A thirty-year-old man was referred to our neurology clinic with a slow progression of sensory neural hearing loss, ataxia, and spastic paraparesis. His symptoms started seven years ago and got worsened during the course of the disease. He also experienced severe headaches and was admitted to our neurosurgery department with hydrocephalus diagnosis and underwent shunting. He had mild sphincter dysfunction but no erectile dysfunction. The patient denied any olfactory and visual impairment, memory loss, seizures, and loss of consciousness. There was no history of trauma, surgery, and CNS tumor. There was no evident history of intracranial hemorrhage. He didn’t report any past intracranial or spinal surgery. There was no family history of similar conditions. The general physical examination was normal. Neurological examination revealed bilateral hearing loss (air conduction > bone conduction), bilateral Babinski sign, dysarthria spastic quadriparesis, and limb ataxia. There was no sensory problem. His mental state was normal, with no cognitive impairment. The MMSE score was 28. Laboratory analysis, including blood tests, urine tests, liver function tests, renal function tests, blood electrolytes, coagulation, thyroid function tests, folic acid, B12, ferritin, etc, were all within the normal range. He underwent brain MRI, which indicated low signal intensity coating the surface of the brain and spinal cord and atrophy of cerebellar vermis (Fig. 2). CT myelogram and SPECT with labeled RBC couldn’t help finding the source of occult bleeding. SS diagnosis was made based on neuroimaging, and he was given deferiprone as treatment. After 18 months of initiation of the iron chelator, there was a modest recovery in gait and ataxia, but no obvious changes in the follow-up brain MRI were seen compared to the previous one.

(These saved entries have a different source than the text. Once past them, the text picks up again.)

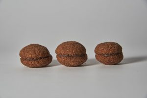 Il nostro cavallo di battaglia: i baci di dama. La formula è quella tradizionale: farina di mandorle, burro, zucchero di canna. A questa versione abbiamo aggiunto farina integrale di avena e cacao, per un gusto più goloso e pieno.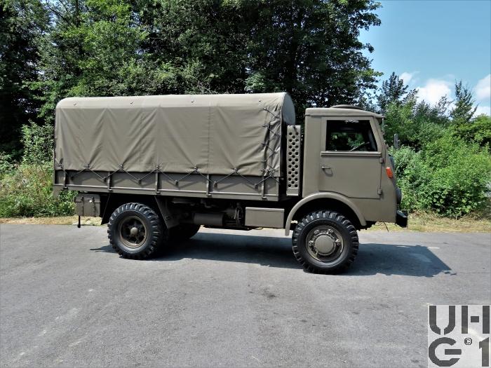 | Achsen | Vorne Starrachse Antriebsachse mit Kegelraddifferential und einfacher Rücksetzung Untersetzung 4,47:1 Radantrieb über homokinetische Antriebsgelenke und im Radkörper eingebautes Planetengetriebe Untersetzung 2,07:1 Halbelliptische Längsblattfedern Hydraulische Hebelstossdämpfer doppelwirkend, einstellbar Felgen 8.00 - 20 Trilex Stahlguss Felgen Bereifung Firestone Super All Traction 10.00 - 20, 14 Ply Einfachbereifung Hinten Starrachse Antriebsachse mit Kegelraddifferential und doppelter Rücksetzung Untersetzung 9,27:1 Radantrieb mit Differentialwelle Halbelliptische Längsblattfedern mit progressiever Wirkung Differentialsperre Druckluft betätigt Felgen 8.00 - 20 Trilex Stahlguss Felgen Bereifung Firestone Super All Traction 10.00 - 20, 14 Ply Doppelbereifung |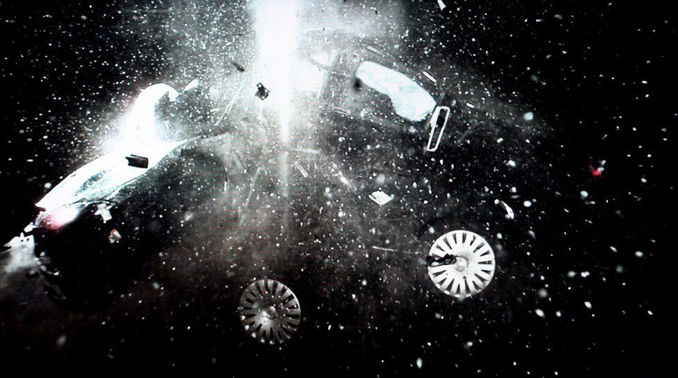 The Masters didn’t speak to one another but seemed distracted as they drove past many signs that Spot knew they normally stopped at. A car honked during one of these passings and the Male Master turned around in his seat to project a single finger from his hand in the direction of the back glass. The Female screamed before the actual impact. While the Male was focused on the car’s rear, another car had appeared from the left, moving fast, and crashed into the side of the Master’s vehicle with such force that Spot swore he had turned completely upside down and was now laying uncomfortably on the inside of the cage’s roof. He whimpered in pain as he tried to stand and make sense of what happened. The car was now still, as were the bodies of his Masters. The Female’s head had broken through the side-glass and was now awkwardly hanging outside the door with her neck hooked at an unnatural angle. The Male was wedged between parts of his own car and parts of the intruding car. Spot could not make out the Male’s left paw and feared it had been torn from his body during impact. The door to Spot’s cage had unhinged during the chaos and so he limped out into the wreckage and gave a single lick to each of his Masters’ cheeks before hopping out a broken window and onto the street. He paused by the smoking vehicles, expecting the squeal of sirens but none came. Nothing moved in these silent moments before sunrise and it was not until the first hint of light touched the sky that Spot began a new trek in the direction towardDawn.

SS is a rare disease characterized by cerebellar dysfunction, hearing loss, and spastic paresis. Other symptoms can be dysphagia, bladder disturbance, dementia, anisocoria, and anosmia. Besides, cerebellar ataxia and deafness occur in 90% of cases . In our study, both patients presented with signs of cerebellar dysfunction, gait imbalance, progressive sensorineural hearing loss, and dementia. SS is mostly caused by chronic or recurrent bleeding. The most common causes of bleeding are head or neck trauma, AVM, CNS tumors, previously CNS surgery, brachial plexus injury, and other cause of subarachnoid hemorrhage. Moreover, cerebral amyloid angiopathy is a cause of SS in older individuals. However, about 35% of SS cases are idiopathic [5, 6]. As in our study, the source of bleeding in both patients was not identified. Both patients did not have a history of previous trauma, and they never exhibited any intense intracranial hemorrhage symptoms. Table 1 shows clinical characteristics of reported cases with idiopathic SS [7,8,9,10,11,12,13,14].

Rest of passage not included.